### BRIEF
Taking the entries below, transcribe only the lines starting with the one with "El mes de octubre" and going on through the one with "GOUDIN black long", exactly as written, without the pictures.

### Extracted records
- Opening Delimiter -

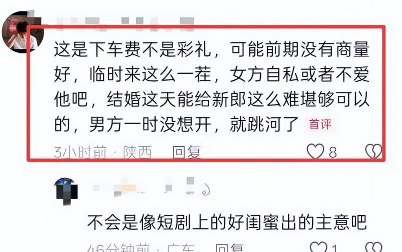 此前,网上流传着一种说法,称新郎是因为新娘索要了2万块钱的下车费,导致他在众多亲戚好友面前失了面子,一气之下才跳河轻生。然而,这一说法很快被官方辟谣,称这些都是不实传言。
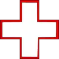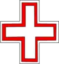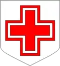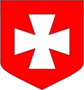- Croix d'argent bordée de gueules.
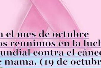 El mes de octubre se considera a nivel mundial el mes de lucha contra el cáncer de mama.http://www.who.int/es/
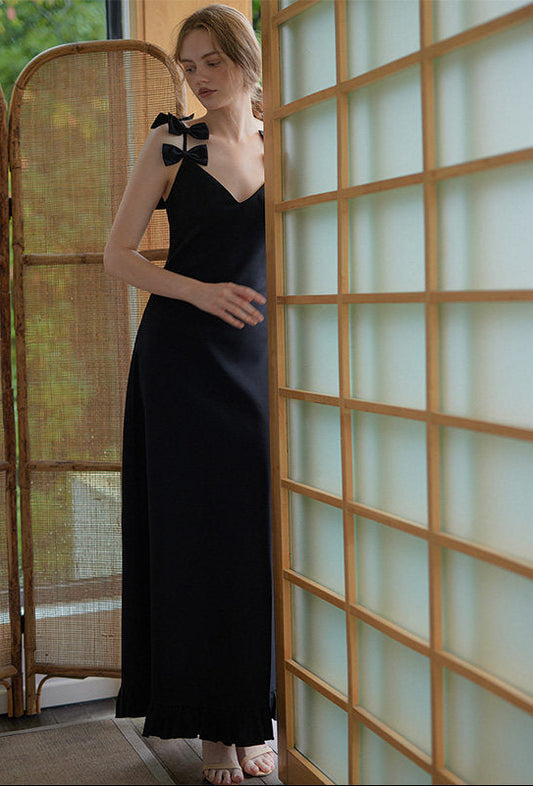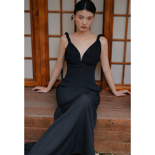GOUDIN black long suspender light luxury dress-KASIA.
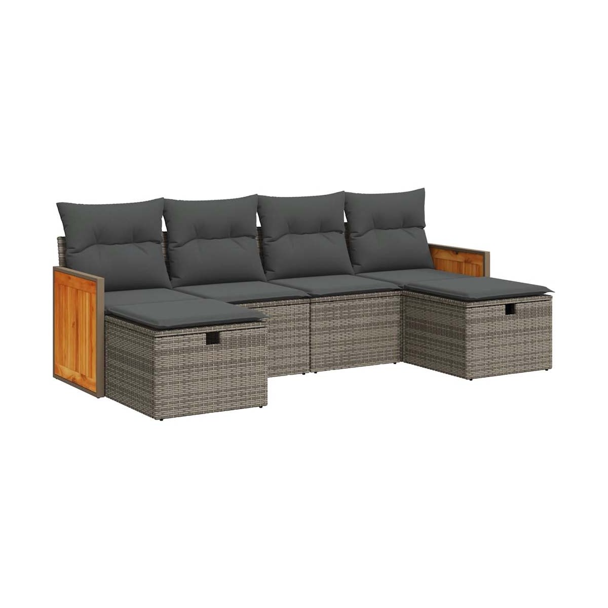 Este conjunto de sofás de jardín es el complemento perfecto para el jardín, terraza o patio, ya que proporciona un espacio confortable y acogedor para charlar con familiares y amigos o simplemente relajarte y disfrutar del aire libre. Material duradero: El ratán sintético, también conocido como ratán sintético, es un material sintético resistente y de bajo mantenimiento que se parece al ratán natural. Es ligero, fácil de limpiar y se usa comúnmente para muebles de exterior debido a su durabilidad y propiedades resistentes a la intemperie.Función de almacenamiento con bolsa resistente al agua: Cada asiento de jardín cuenta con un espacio de almacenamiento debajo del asiento, completo con una bolsa resistente al agua para guardar cojines, juguetes y otros artículos. La bolsa interior tiene una cubierta superior y se puede sujetar de forma segura al asiento con cierres de gancho y bucle para mayor estabilidad.Reposapiés versátil: El taburete es versátil y sirve como un cómodo reposapiés para cuando descanses en el sofá o como asiento adicional en tu jardín.Funda desenfundable y lavable: Estos cojines de asiento cuentan con fundas desenfundables para facilitar el lavado y mantenimiento.Estructura robusta y estable: La estructura de acero con recubrimiento en polvo es fuerte, estable, duradero y resistente a la corrosión y a las inclemencias del tiempo, lo que garantiza un rendimiento duradero. Información útil:Para asegurarte de que tus muebles de exterior se mantengan hermosos, recomendamos protegerlos con una funda impermeable.

- Closing Delimiter -

### OUTPUT BELOW
 El mes de octubre se considera a nivel mundial el mes de lucha contra el cáncer de mama.http://www.who.int/es/
GOUDIN black long suspender light luxury dress-KASIA.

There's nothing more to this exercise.